PEACHSF’s straightforward philosophy appears on its “What We Believe Page,” and includes these common sense propositions:
- “We believe in being honest about what it takes to fix school food. We don’t believe in magical thinking, or that it just takes the will to fix the problem – it also takes a whole lot of money and enormous effort.”
- “We believe that the National School Lunch Program and the School Breakfast Program are almost criminally underfunded by the federal government.”
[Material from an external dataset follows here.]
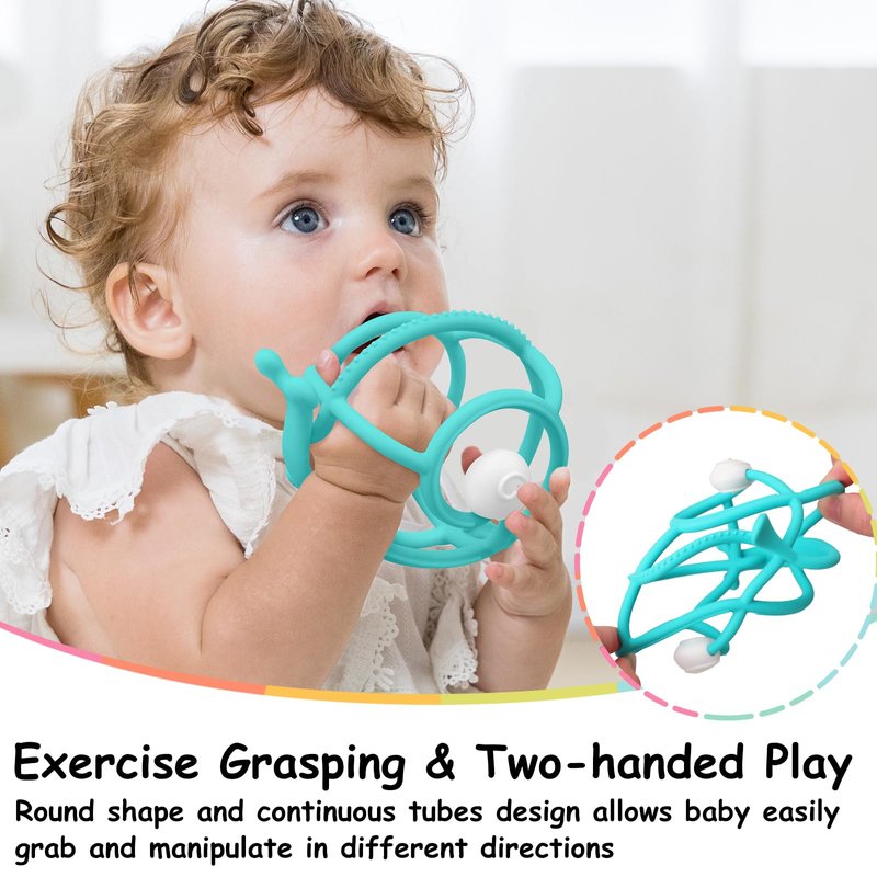 - EXERCISE GRASPING & TWO-HANDED PLAY. Round shape and continuous tubes lightweight design allows baby easily grab and manipulate in any directions. Exercise fine motor skills like grasping and two-handed play. Enhances baby's hand-eye coordination and sensory development while playing. Definitely worthwhile having in baby shower gift bags and baby registry.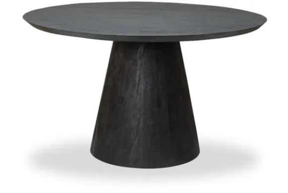 Eettafel Premana van het merk Tower Living is gemaakt van mangohout. Mangohout kun je herkennen aan de vele kleurschakeringen en ongelijkheden in het oppervlakte van het hout, waardoor geen enkel meubelstuk hetzelfde is. De eettafel is zwart gekleurd en met een matte lak afgelakt. Het tafelblad is rondvormig en de randen zijn taps afgewerkt met daaronder een robuuste tafelpoot.

- “We believe that more money is needed for school meal programs, because healthier food like fresh fruits and vegetables, whole grains, and lean unprocessed meat costs more than corn dogs, fried potatoes and fruit turnovers.”
Amen to all that.
The site includes detailed but reader-friendly advice categorized as “First Steps,” “Building Support ” and “Taking Action,” with articles like “How to Make Friends with Your Nutrition Services Director” (which premiered here on The Lunch Tray a few weeks back), “Banning Sodas in Your School: A Short Organizing Guide” and “Where Do We Start? How to Tackle School Meals 101.” PEACHSF also has an online form for asking your own questions of Dana and her team of experts, as well as a page for sharing success stories..
As a blogger who tackles school food reform questions, among other topics, I feel a real sense of relief that this website now exists. Instead of trying to reinvent the wheel by gathering and synthesizing resources from all over the place when school food reform issues come up, I’m going to be able to simply say, “Visit PEACHSF.org for more information.”
What ever will I do with all my free time?
Jenny Johnson says
Thanks, looking forward to visiting the site.
Feeling discouraged about the school funding issue this morning after reading various depressing articles in the Chron. Wondering how, in this era of teacher cuts and class sizes, we will ever get things on the right track again—both with food and all the rest of it.
Thoughts?
Bettina Elias Siegel says
Well, the good news (sort of) is that the meal program is federally funded and therefore escapes the budget horror going on in TX right now. The bad news, though, is that now is clearly not the time to go to the school board and ask for any additional money to improve the status quo. That said, I’m not sure we ever had the political will here to do that, as Dana was able to marshal in a place like San Francisco. Grr.
Maggie says
The PEACHSF site looks great. I appreciate the fact that the folks involved acknowledge the challenges without a lot of drama and hype, which sometimes seems common.